Achieves 96% of Claude-Opus-4 performance in Listwise settings.

Highlights & Insights¶

Migrating RL + tool use from mathematical reasoning to evaluation tasks is a natural and effective extension.
The multiplicative reward structure (Correctness \(\times\) Format \(\times\) Tool Quality) elegantly avoids the difficulties of manual weight tuning.
TIR-Judge-Zero's pure bootstrapping challenges the common assumption that strong teacher cold-starting is necessary.

Limitations & Future Work¶

Forcing "no tool use" in safety/general domains might be too simplistic; some safety evaluations could benefit from tools.
The 3-turn limit for tool calls might restrict capabilities in complex evaluation tasks.
Performance is best on reasoning-related benchmarks; advantages in open-ended dialogue evaluation require further verification.

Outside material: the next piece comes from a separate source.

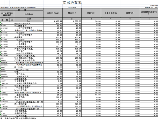 本部門2020年度財(cái)政撥款本年支出年初預(yù)算數(shù)為1216.94萬元,決算數(shù)為1425.77萬元,完成年初預(yù)算的117.16%。其中:

vs JudgeLRM/J1-Judge: These methods only enhance text reasoning; TIR-Judge introduces code execution for precise verification.
vs AgentRM: AgentRM uses tools at inference but lacks joint training; TIR-Judge utilizes end-to-end joint training.

Rating¶

Novelty: ⭐⭐⭐⭐ First systematic application of TIR in judging tasks.
Experimental Thoroughness: ⭐⭐⭐⭐⭐ 7 benchmarks, 3 evaluation formats, Zero/Distill ablations.
Writing Quality: ⭐⭐⭐⭐ Clear framework with sufficient detail.
Value: ⭐⭐⭐⭐⭐ 8B model surpassing 32B model, high practical value.